The intriguing thing about this style of discourse was the way everybody disseminated just enough information to let each other know the state of play in their respective lives—but, inevitably, whenever the talk veered toward the personal, it was swiftly deflected back toward less individual matters. I quickly sensed that to speak at length about anything private in a gathering of more than two people was considered just not done . . . especially in the presence of a stranger like me. Yet I rather liked this conversational style—and the fact that banter was considered a
meritorious endeavor. Whenever serious events of the day were broached, they were always undercut by a vein of acerbity and absurdity. No one embraced the kind of earnestness that so often characterized American dinner table debate. Then again, as Tony once told me, the great difference between Yanks and Brits was that Americans believed that life was serious but not hopeless . . . whereas the English believed that life was hopeless but not serious.

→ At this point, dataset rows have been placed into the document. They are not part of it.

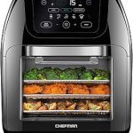 Cook smarter, healthier, and with less waste. This XL 10L CHEFMAN oven air fries with less oil, roasts and bakes with ease, dehydrates to save food (and money), and shuts off automatically to conserve energy. With 17 touch presets and a large easy-view window, it’s your all-in-one kitchen upgrade.
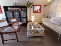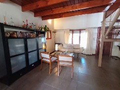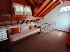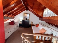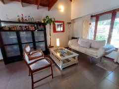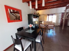 El chalet dispone de un pequeño jardín, parrilla y espacio para un vehículo en un área de estacionamiento descubierto. La propiedad cuenta con dos cómodos dormitorios: uno con cama King Size y el otro con somier doble. Además, cuenta con un altillo equipado con dos camas simples. El amplio living-comedor integra una cocina moderna y funcional equipada con heladera con frezer, microonda, lavarropa.
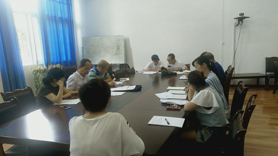 2018年8月25日上午9点整 ,我院在第三实验楼一楼会议室召开了评建工作检查预备会,会议由院长王祖明主持,党总支书记魏伟、副院长高卫红、副院长杨光辉以及两个教研室主任参加了本次会议。
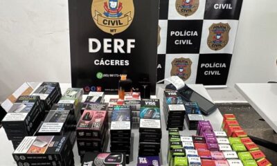 A Polícia Civil de Mato Grosso deteve dois jovens, ambos de 20 anos, por receptação de cigarros eletrônicos, em Cáceres, nesta segunda-feira (19). Os investigadores apuravam...
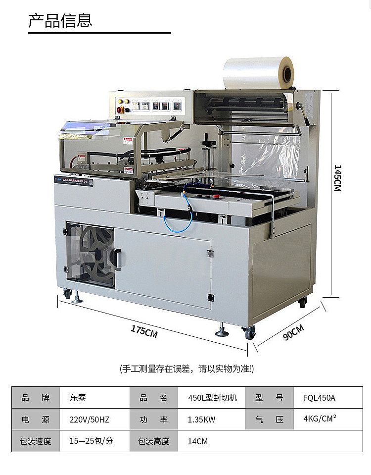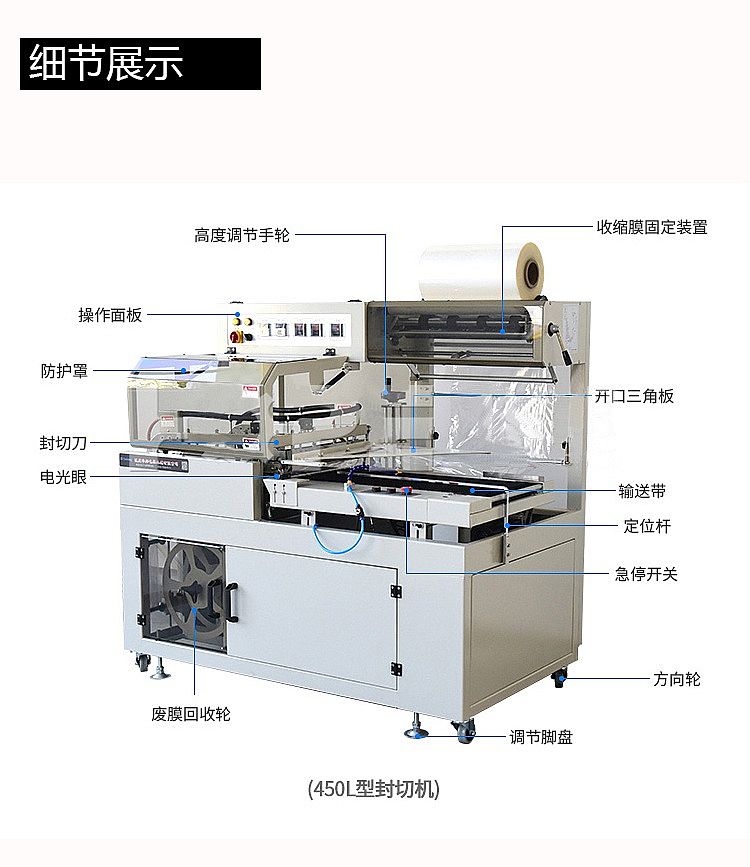 1.本機(jī)是一款全自動(dòng)操作的L型封切及收縮包裝的設(shè)備,可連接各種自動(dòng)化包裝的流水線作業(yè)。
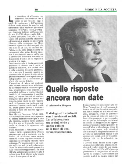 È importante però sottolineare che per Moro l'attenzione e il confronto con le istanze sociali non fu mai strumentale, ma portò sempre ad atti politici concreti, coraggiosi, spesso in contrasto con la volontà di coloro in cui aveva invece il sopravvento la preoccupazione: nel partito, le battaglie perché mai lo scontro tra maggioranza ed opposizione portasse al completo prevalere di una sull'altra e all'esclusione totale di qualche componente, nelle istituzioni con la ricerca di adeguare le formule di governo ai cambiamenti sociali e alle esigenze dei tempi, così per il centrosinistra, così per la solidarietà nazionale.
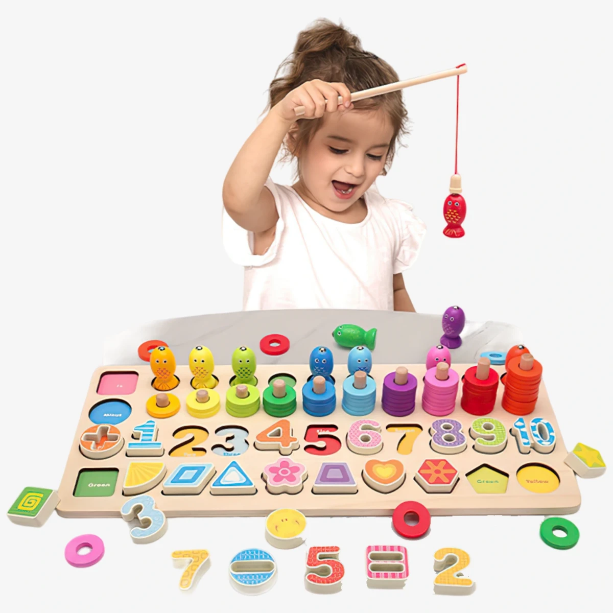 لعبة صيد الأسماك الخشبية الممتعة، تساعد الأطفال على تنمية مهارة التركيز والتنسيق بين العين واليد بطريقة مرحة وآمنة.
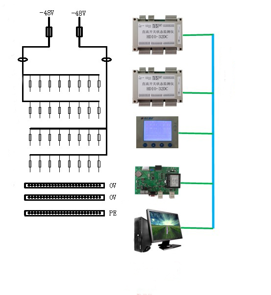 該系統(tǒng)主要應(yīng)用于通信用直流電源配電設(shè)備的運(yùn)行狀態(tài)監(jiān)測,其主要完成主備雙路母線電量與配出支路的開關(guān)狀態(tài)的實(shí)時監(jiān)測。實(shí)現(xiàn)對96路配電支路狀態(tài)監(jiān)測。具有電流、電壓超限與配出支路故障聲光告警功能。具有RS-232/485等通信接口,方便實(shí)現(xiàn)網(wǎng)絡(luò)化集中監(jiān)控。
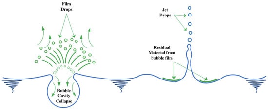 A spa pool involves an air injection system that generates air and water bubbles to produce a relaxing sensation against human skin. Due to the difference in density, bubble films (i.e., air bubbles) originating from water turbulence will rise to the water surface and then burst into film droplets and jet droplets above the water surface (see Figure 1). Jet droplets differed in size in the range of 100 μm, whereas bubbles with diameters of several millimeters could produce film droplets with diameters ranging mostly from 2 μm to 10 μm. These film droplets constitute aerosols that can be inhaled into the lung’s alveolar region [,,].
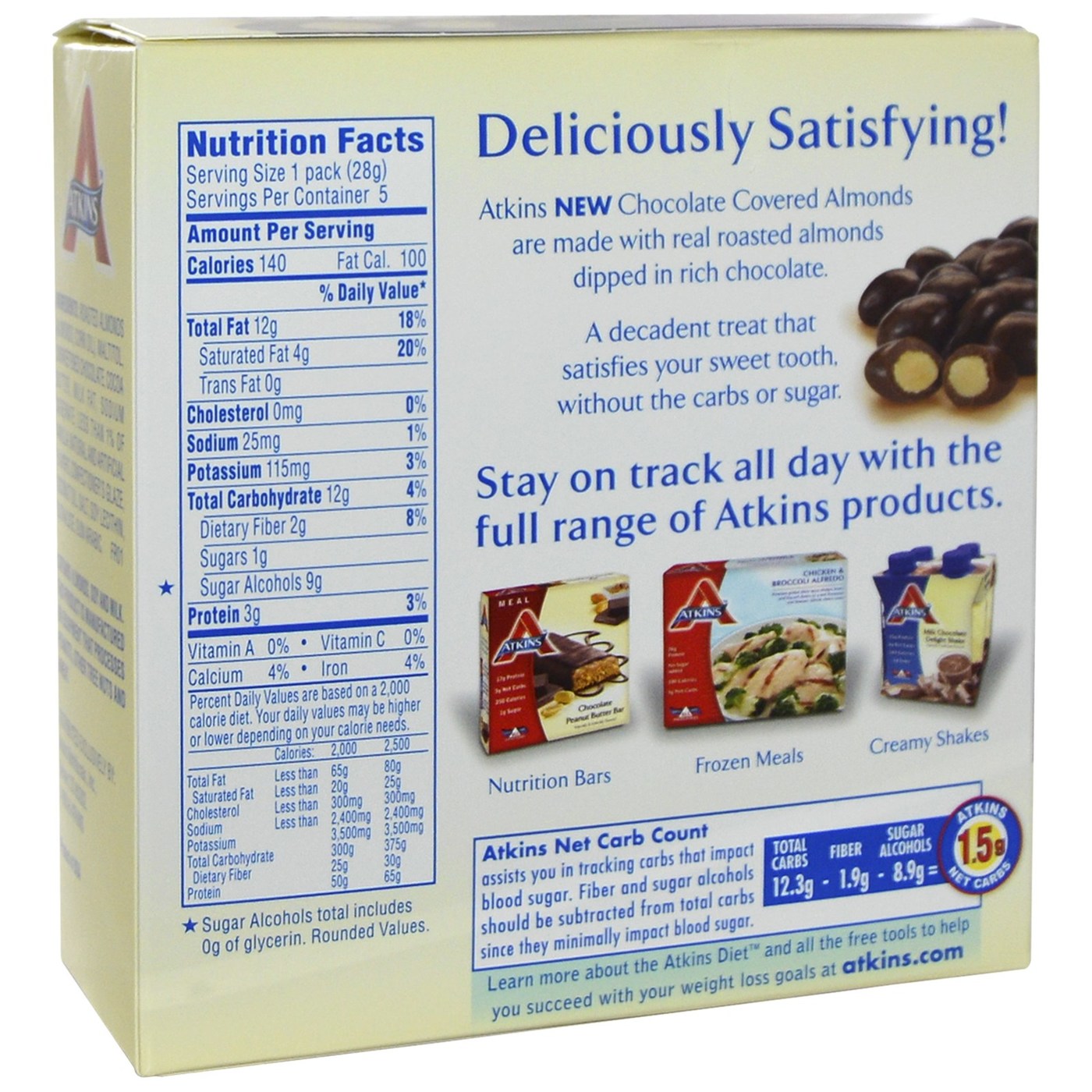 ch serving of Atkins Chocolate Covered Almonds has only 140 calories!
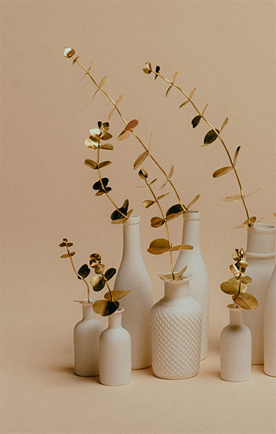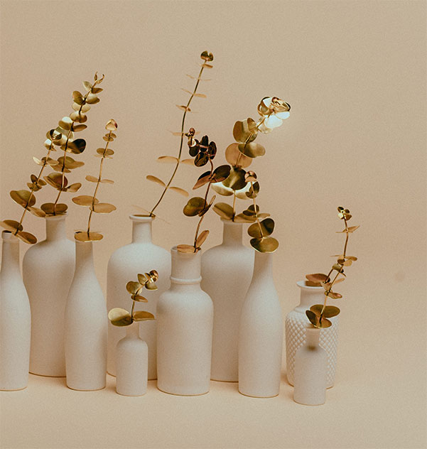 Graphiques et poétiques, ces eucalyptus éternels sauront vous enivrer. Trois formats s’harmonisent à une gamme de vases en biscuit de porcelaine.
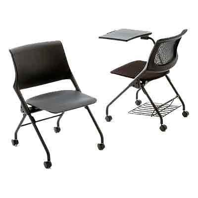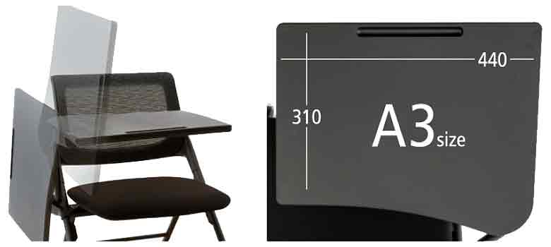 | 研修会やセミナーなど、さまざまなビジネスシーンで。 ヌードタイプ、メッシュタイプ、布張りタイプの3種類をラインナップしました。 ![]() ■特長 ●座を跳ね上げるだけで簡単・コンパクトに水平スタッキングができ、省スペースの収納が可能です。 ![]() ●ノートPCも使える大型A3サイズのメモ台は、ご使用しない場合は座ったままチェア側面に折りたためます。 ![]() ●メモ台と座下に使い勝手の良いラックを装備。そのまま水平スタッキングで収納もできます。 ![]() ■タイプ
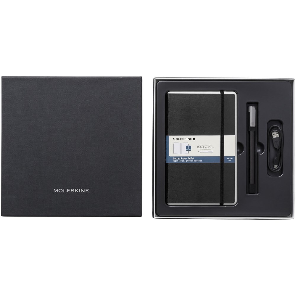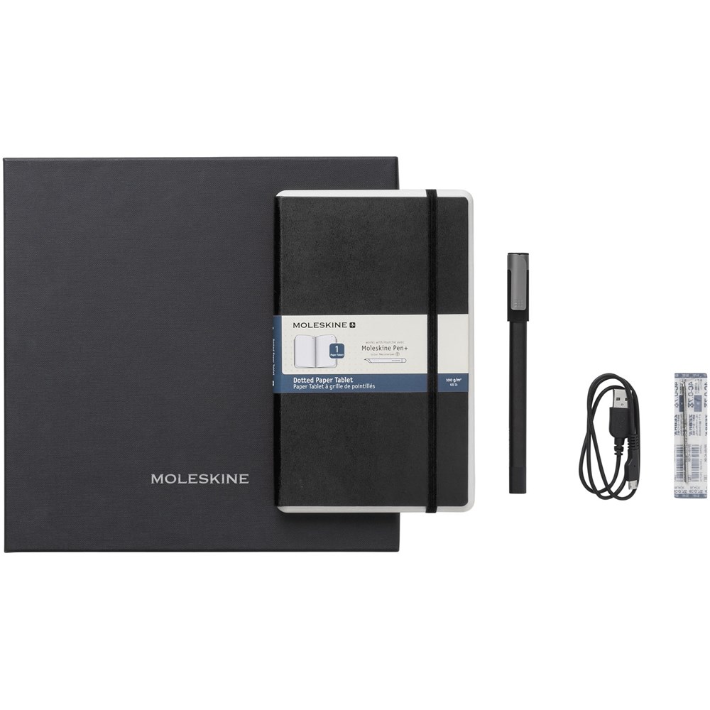 Das Smart Schreibset Ellipse enthält den Pen + Ellipse-Smartpen und ein großes liniertes Paper Tablet mit speziellem Ncoded-Papier. Schreiben Sie mit der Moleskine Notes App einfach mit Pen + Ellipse auf die Seiten des Paper Tablets, um augenblicklich digitalisierte Notizen zu erhalten, die auf dem Gerät Ihrer Wahl bearbeitet, abgeschrieben, organisiert oder weitergeleitet werden können. Im Lieferumfang enthalten: Paper Tablet mit Spezialpapier, entwickelt für die Arbeit mit Pen+ im linierten Layout, Pen+ Ellipse Smartpen, USB-Kabel, um den Smartpen wieder aufzuladen, 1 Tinten-Ersatzmine, Volant XS Starter Journal und Benutzerhandbuch. Das Smart Schreibset Ellipse ist mit allen anderen Moleskine Paper Tablets und Smart Kalendern/Planern kompatibel.
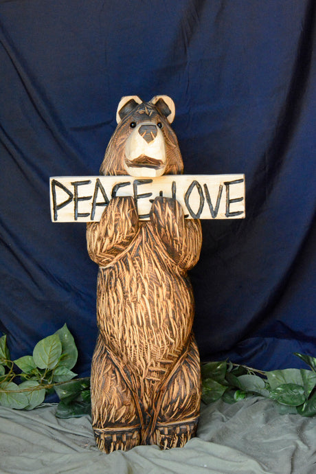 2ft Chainsaw Carved "Peace & Love" Sign Bear Wood Sculpture | Raw California Cedar | One-Of-A-Kind Original Artwork | Artist & Carver Jess Alice
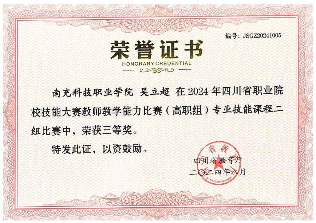 吴立超,中共党员,副教授,智能制造学院副院长(主持工作)、专业群负责人,技能大师工作室领办人,高级“双师型”教师,汽车维修高级技师,国家级技能大赛裁判员,四川省第三批职业院校紧缺领域教师技艺技能传承创新平台成员,四川省汽车领域1+X职业技能等级证书培训师、考评员,四川省职业技能鉴定考评员。先后获四川省职业院校教师教学能力大赛三等奖、四川省职业院校技能大赛“优秀指导教师”、绵阳市优秀教师、教学名师等多项荣誉,指导学生参加省级及以上职业技能大赛获三等奖以上荣誉8项,主持、参与各级科研、教改项目10余项,发表论文6篇,主编教材2部。
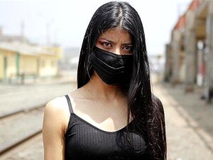 小柄なベネズエラのモデルがペルーの電車線近くで接近
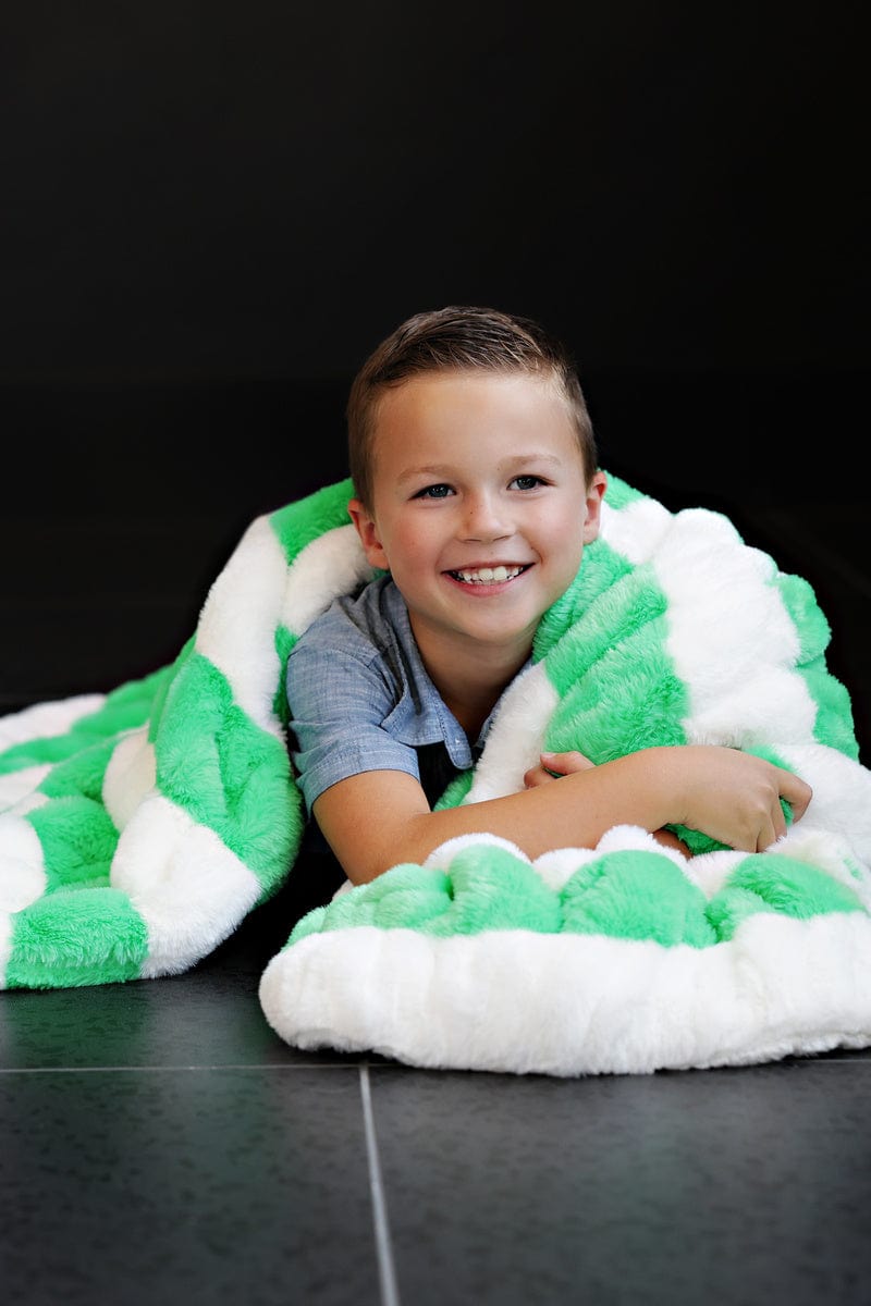 • Details: Wrap yourself in the fresh and vibrant Hugs Green Apple Blanket. part of our Candy Shop Collection. Featuring lively green and white stripes. this stretchy blanket brings a crisp. playful touch to any space. Perfect for cozying up. it’s as refreshing and sweet as your favorite green apple treat.
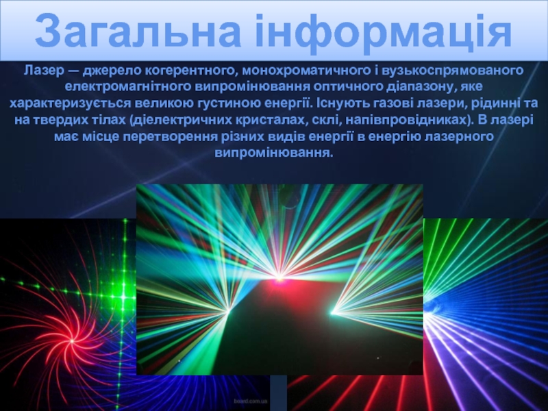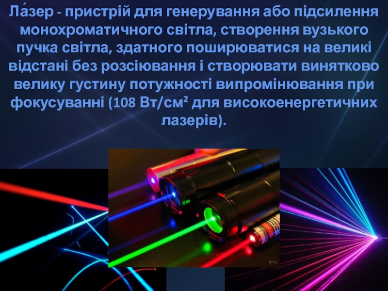 Слайд 2Ла́зер - пристрій для генерування або підсилення монохроматичного світла, створення

Three days of London table chat convinced me of that truth, just as it also convinced me that I could easily hold my own amid such banter. Tony was introducing me to his friends—and seemed delighted that I integrated with them so quickly. Just as I was pleased that he was showing me off. I wanted to show off Tony too—but my only friend in London, Margaret Campbell, was out of town while we were there. While Tony was lunching with the editor, I jumped the tube to Hampstead, and wandered the well-heeled residential backstreets, and spent an hour roaming the Heath, all the while thinking to myself: this is very pleasant. Maybe this had something to do with the fact that, after Cairo’s ongoing urban madness, London initially came across as a paragon of order and tidiness. Granted, within a day of being there, I was also noticing the litter on the streets, the graffiti, the indigent population who slept outdoors, and the snarling traffic. But these scruffy civic attributes simply struck me as an essential component of metropolitan life.
Then there was the little fact that I was in London with Tony . . . which made the city look even better. Tony himself also admitted the same thing, telling me that, for the first time in years, he actually “got” the idea of London again.
He remained pretty close-lipped about his lunch with the editor—except to say that it went well. But then, two days later, he gave me further details of that meeting. We were an hour into our flight back to Cairo when he turned to me and said, “I need to talk to you about something.”
“That sounds serious,” I said, putting down the novel I’d been reading.